Please note that subjects referred to in point a) will manage your data as Data Controllers. Relating to the subject categories referred to in points b), c), d), e), f), and g), on the other hand, the Data Controller commits to rely exclusively on subjects giving adequate guarantees regarding data protection and will provide for their designation as Data Processors ex art. 28 of the Regulation.

 

The list of Data Processor is available at the company’s hedquarters and can be examined upon prior request to the Data Controller. Moreover, your data will be processed, exclusively for the aforementioned purposes, by the employed personnel and/or collaborators of the company, specifically authorized and instructed by the Data Controller in accordance with art. 29 of the Regulation.

 

Your personal data will not be subjected to diffusion, save in case of a request due to a legal rule or legislation or EU regulation.

 

Time of conservation

 

Category: Identification data – Contact data – Data concerning purchase contract/services

 

Conservation: 10 years starting from the moment of data acquisition.

 

Regulation: art. 5.1 lett. e) Reg.
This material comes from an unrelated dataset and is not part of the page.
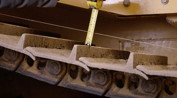 Lift one track 50 mm (2 inches) off the ground, and measure the sag from the middle roller.

EU 2016/679 – art. 2946 civil code on ordinary limitation – art. 43 of Italian Presidential Decree 600/73.

 

User rights

 

At any given moment, in accordance with articles from 15 to 22 of the GDPR you will be able to exercise your right to:

 

  1. a) demand access to personal data ex art. 15 of the GDPR; 

 

  1. b) obtain the adjustment of incorrect personal data ex art. 16 of the GDPR; 

 

  1. c) obtain the cancellation of data in case and to the extent whereof in art. 17 of the GDPR;

 

  1. d) obtain the limitation of the procesing in the assumptions provided for in art. 18 of the GDPR;

 

  1. e) revoke at any given moment the consent ex art. 13 comma 2 letter c) of the GDPR;

 

  1. f) submit a complaint to the Supervising Authority according to the procedures to be found on the website garanteprivacy.it;

 

you can also object the processing of processed data for a legitimate interest of the owner ex art. 21 of the GDPR.

 

Exercise of rights

 

At any given moment you can exercise your rights by means of a written request sent to the e-mail address privacy@progettoquid.it or by accessing the form that can be found at the address www.progettoquid.it / (LINK CORRETTO?) or by writing to the ordinary post address of QUID based in Via della Consortia, 10/D – 37127 Verona; our privacy office will examine your complaint and will work together with you to solve the problem.

Should you think your personal data have not been managed in an appropriate way according to the law, you can contact the Italian Data Protection Authority following the instructions that can be found on the website www.garanteprivacy.it.